Add FSDP2 parallellism#38
TonyChen06 wants to merge 1 commit into
ELM-Research:mainfrom
TonyChen06:feat/fsdp-support

Conversation

@TonyChen06

Copy link
Copy Markdown
Contributor

Notes:

  1. --distributed changed to --parallel_strategy {ddp, fsdp} so make sure to update scripts
  2. A6000s don't have NVLink meaning that FSDP is 5x slower than DDP for Muon and around 40% slower than DDP for Adam due to communication costs. No idea how much slower FSDP is than DDP for H100s but it should be much much less inefficient.
  3. FSDP doesn't do much unless the model is 3b+ parameters and introduces slight overhead so use DDP if possible still
  4. Didn't implement tensor parallelism or pipeline parallelism because those are overkill for now (but the way we did FSDP is friendly to those additions if needed in the future)

Summary of changes:

Adds FSDP2 as a parallel strategy alongside DDP. The CLI flag --distributed is replaced with --parallel_strategy {ddp, fsdp}. The DDP path is unchanged; FSDP is the new option, and you opt in by swapping that flag.
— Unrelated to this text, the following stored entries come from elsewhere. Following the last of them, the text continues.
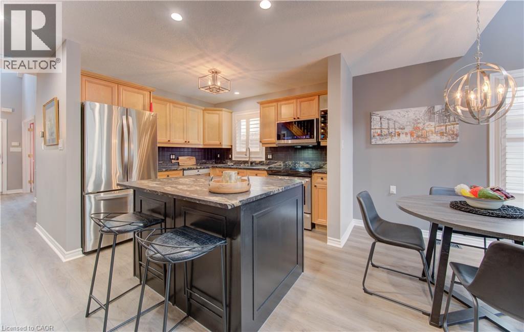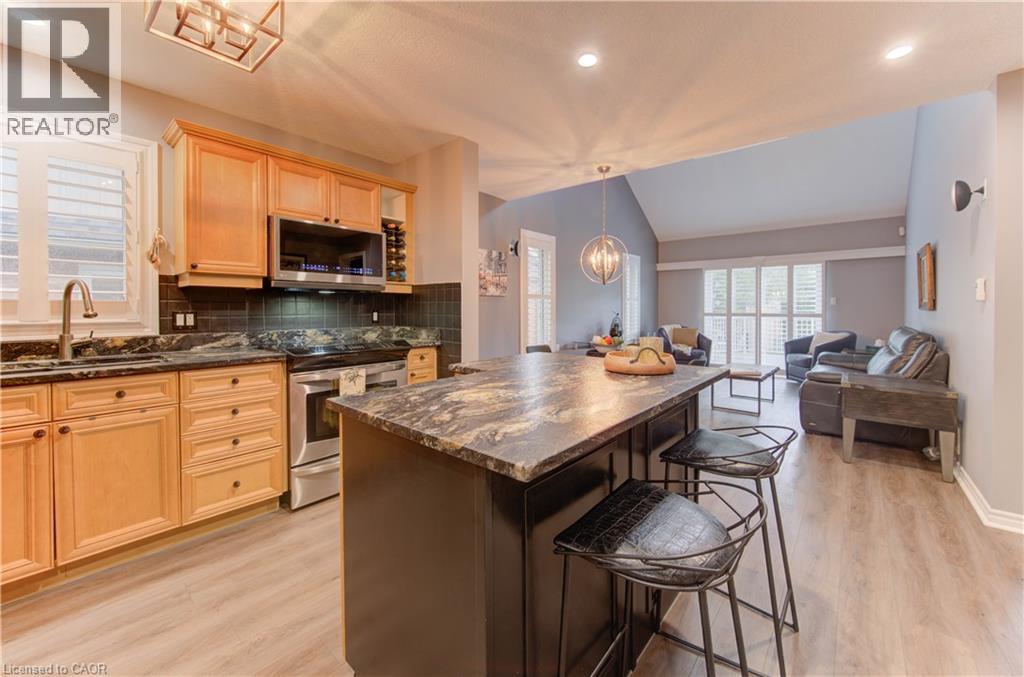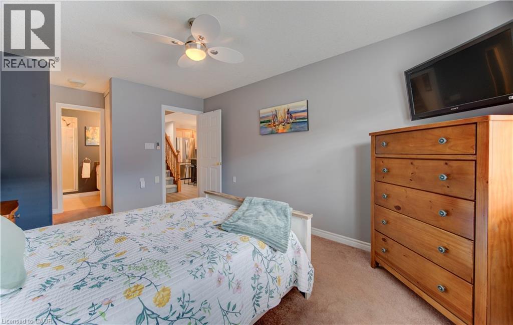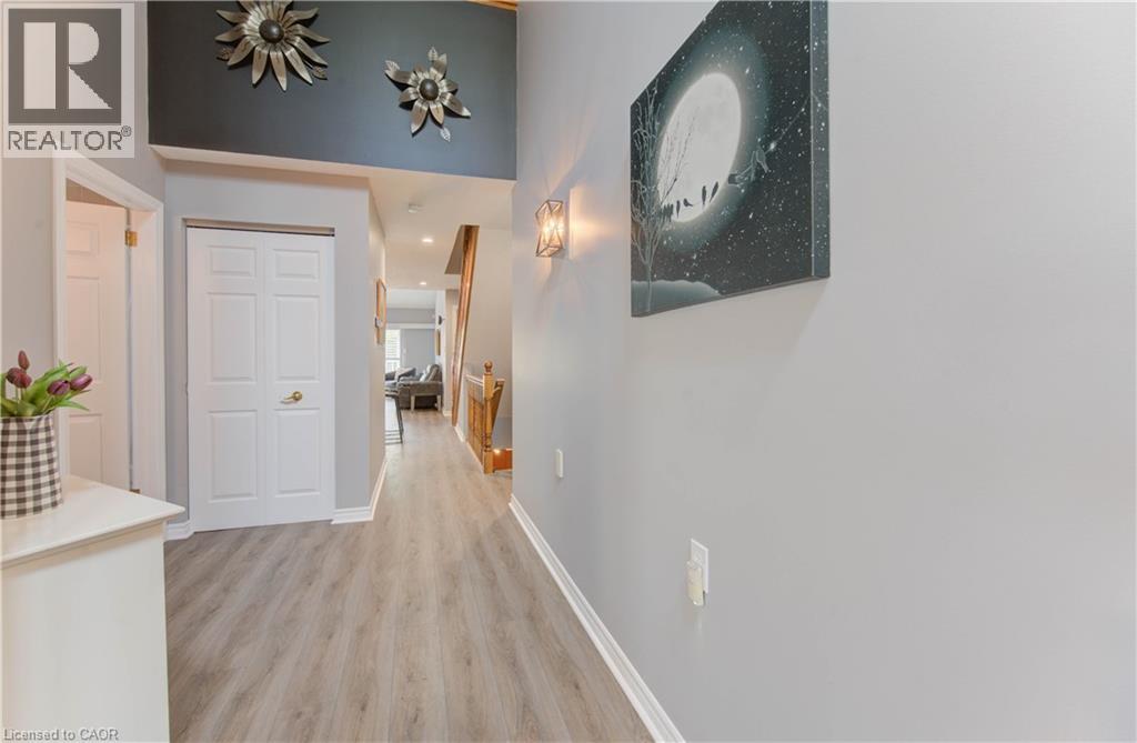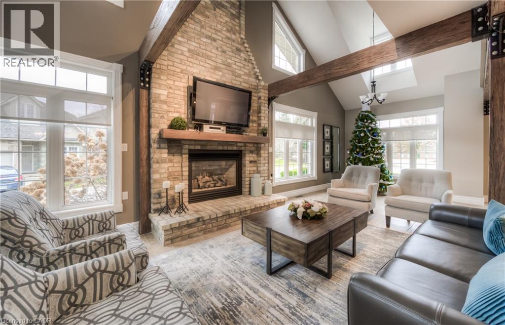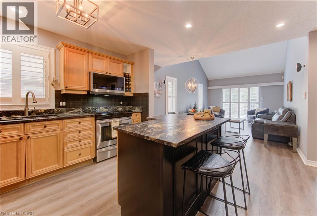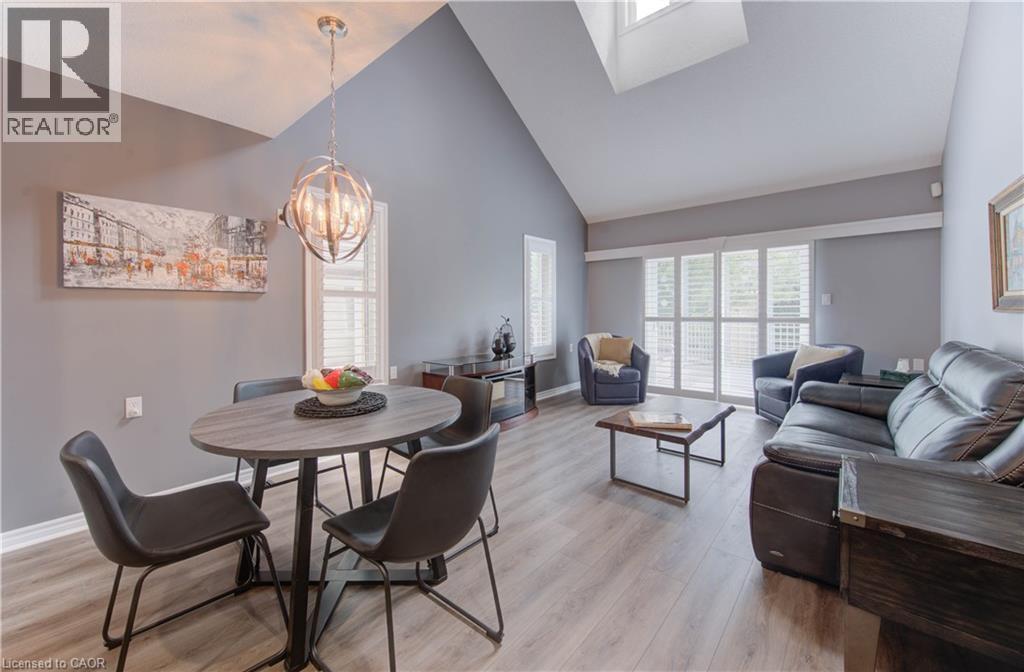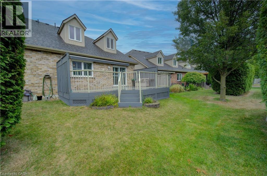 Welcome to this beautifully appointed condominium townhome, offering an ideal blend of comfort and convenience. Located in a sought-after neighborhood, this home boasts a main floor primary bedroom with a 3-piece ensuite for added privacy and luxury. The main floor bedroom or den is perfect for a home office or cozy reading nook, while the main floor laundry adds practical living. The heart of the home is the open-concept kitchen, featuring granite countertops and a seamless flow into the living room with vaulted ceilings, California shutters and a electric fireplace—perfect for relaxing or entertaining. The living room opens to a large deck with a power awning, offering an inviting space for outdoor enjoyment. Upstairs, a spacious loft overlooks the living room, adding a touch of openness and versatility. The second 4-piece bathroom provides convenience and comfort for family or guests. The lower level is fully finished with a generous rec room, ideal for a media room or play area, and a rough-in for a bathroom, providing future potential. A massive unfinished storage area ensures all your belongings have a place to call home. As part of this vibrant community, enjoy the Mill Clubhouse, a community favorite offering a games room, a gym, a community library, and the perfect space for hosting events. Ideally located, this amazing community is only a minute from the 401, backs right onto stunning hiking and biking trails by the Grand River, and is just seconds away from the Doon Valley Golf Club! This townhome is perfect for those looking for a low-maintenance, move-in-ready home with plenty of space to grow. Don't miss out on this exceptional opportunity—schedule your viewing today! (id:51158)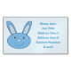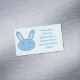 Denna fantastiska magnetiska visitkortuppsättning har en digital konstbild av ett blått kaninansikte med bleka blå ögon och näsa och stora öron. Den har en vacker stor leende. En bra design för att fira vår eller påsk. Det finns anpassad text så att du kan inkludera alla relevanta affärsuppgifter. Perfekt för barnvakter, födelsedagsarrangörer och andra barnomsorgsarbetare.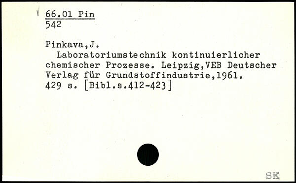 Laboratoriumstechnik kontinuierlicher chemischer Prozesse. Leipzig,VEB Deutscher Verlag für Grundstoffindustrie,1961.
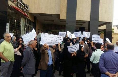 Elles se sont rassemblées dans la rue Navab Safavi et Razavi Sharestan le 8 mai 2018 pour protester contre le manque de transparence dans la distribution des actions appartenant à un projet de construction appelé Iman-e Machad.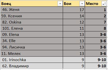 КЛАН ПОБЕДИВШИЙ ПО КОЛИЧЕСТВУ БОЙЦОВ: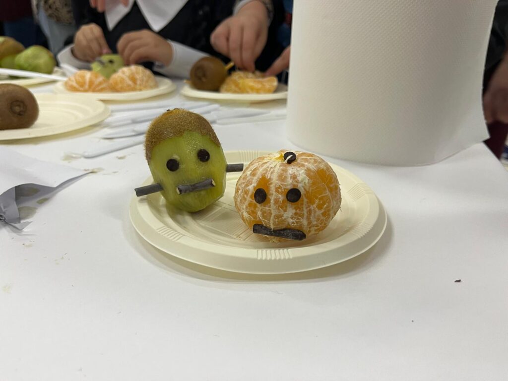 La semana pasada la tuvimos cargada de actividades que otoñales, desde la visita de la castañera para degustar el fruto típico de estas fechas, pasando por la realización de actividades en el área de Religión entorno a la celebración de Todos los Santos, hasta llegar disfrazados de esqueletos, calaveras, vampiros, brujas y zombies el viernes para celebrar Halloween en el cole realizando un taller de frutas y cuentacuentos.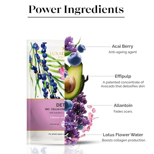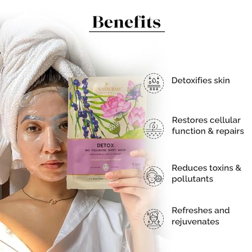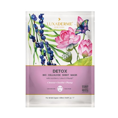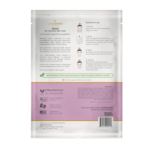 LuxaDerme Detox Bio Cellulose Sheet Mask | Detoxifies & Firms Skin | Anti-Pollution | All skin types | 100% Fermented Coconut Jelly (Pack of 1)
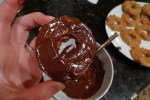 The topping will set quickly so you can get to work on the chocolate right away. Place chocolate in a small bowl and heat in the microwave for 1 minute. Take out and stir. Heat again for 30 second intervals until chocolate is completely melted. Most bits will melt just by mixing.

The plumbing is built behind a new ParallelContext that wraps a DeviceMesh sized (pp=1, dp=world, tp=1) with axis names ("pp", "dp", "tp"). Only the dp axis is in use today, but the 3D shape is in place so adding tensor or pipeline parallelism later is wiring rather than an API break. Free helpers like is_main() and get_world_size() become thin shims over the context, so existing call sites continue to work.

The FSDP path uses the standard Megatron / torchtitan mixed-precision recipe: fp32 master weights and fp32 optimizer state, bf16 forward and backward, fp32 cross-rank gradient reduce. Each transformer block becomes its own FSDP unit, and if --torch_compile is set we compile each unit individually after sharding it (compiling the outer model traces straight through FSDP2's pre-forward gather hooks and crashes).

Muon needs a wrapper because Newton-Schulz operates on the full weight matrix and doesn't shard. The new MuonDistributed subclass detects DTensor params, all-gathers them for the orthogonalization step, then writes the local slice back. Non-DTensor params fall through to upstream Muon unchanged. In practice Muon under FSDP is correct but bandwidth-heavy on PCIe-only / cross-NUMA setups; AdamW under FSDP doesn't have this overhead because its update is element-wise.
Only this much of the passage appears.